Мы медленно шли по середине улицы, в паре метров друг от друга, шагая по колеям от машин, чтобы не брести в снегу. Он снял перчатку и вытянул руку, посжимал пальцы.
— Почувствуй воздух. Я бы сказал — минус 9 по Цельсию.
— У
— Но у него да, там, откуда он, Цельсий.
— Откуда он? По мне он не слишком совершенно белый. Он не скандинав.
— Не голландец или ирландец.
Я задумался об Андалузии. Где находится Андалузия? Кажется, я не знал. Или узбек, казах.

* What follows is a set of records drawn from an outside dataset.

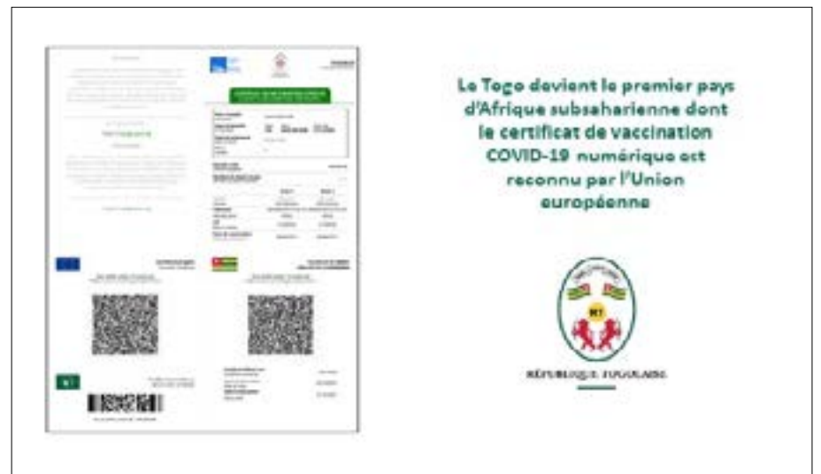
Le nouveau pass vaccinal du Togo avec 3 QR code

La préoccupation des hommes de médias à savoir quelle est la portée de la vaccination ?
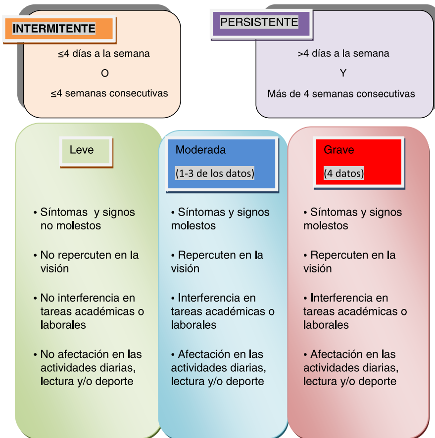
Figura 1. Clasificación de Conjuntivitis Alérgica, propuesta en el documento DECA

Los desencadenantes principales de la respuesta alérgica en la conjuntiva al igual que ocurre en las mucosas respiratorias, incluyen a los pólenes, los epitelios de animales, las esporas de hongos, los ácaros.... En su fisiopatología también se distingue una fase aguda o inmediata a la exposición, por la desgranulación de los mastocitos y una fase crónica o tardía con fenómenos de inflamación (6). La sintomatología (prurito, hiperemia
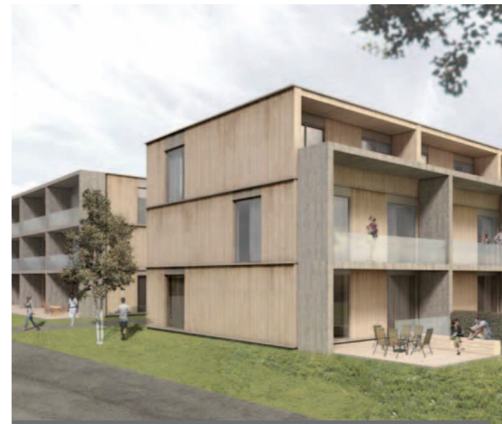
Planung mit Stoffpass: Der im Projekt untersuchte Wohnungsneubau in München
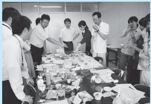
“成田の新しいおいしさ”を開発中

※くわしくは企画政策課(☎20-1500)、ロケ誘致についてくわしくは観光プロモーション課(☎20-1540)へ。
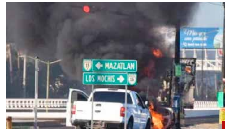
La violencia se incrementó con la llegada de diciembre.

Reconoce que las autoridades no pueden evitar en su totalidad la comisión de actos delictivos y hechos violentos, pero sí pueden trabajar en evitar la impunidad.
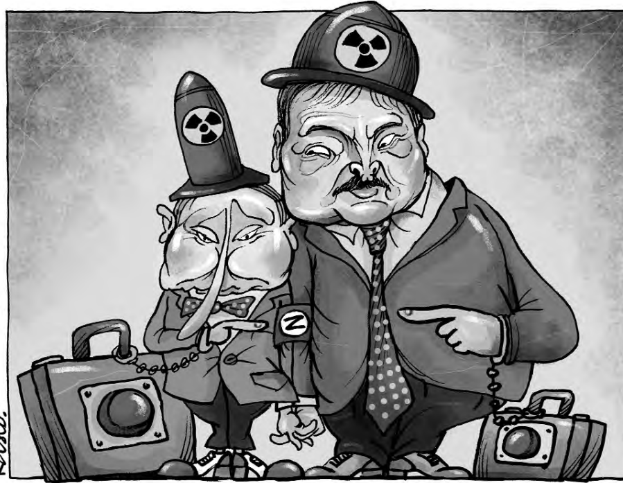
Товариші по «атому» — путін та лукашенко домовилися розгорнути частину тактичного ядерного арсеналу москви в білорусі.

Но это казалось легкомысленным.
— Центральная Европа, — сказал Тодд. — Восточная Европа.
Он указал на серый каркасный дом, обычную двухэтажку с крышей, обшитой дранкой, и без единого признака утраченного уюта, что были присущи некоторым домам в городе.
— Может быть, вот этот. Его семья разрешает ему выходить на прогулки, если он будет оставаться в обозначенных пределах.
— Холод его не сильно беспокоит.
— Он привык к совсем другим холодам.
— Плюс его конечности уже потеряли чувствительность, — сказал я.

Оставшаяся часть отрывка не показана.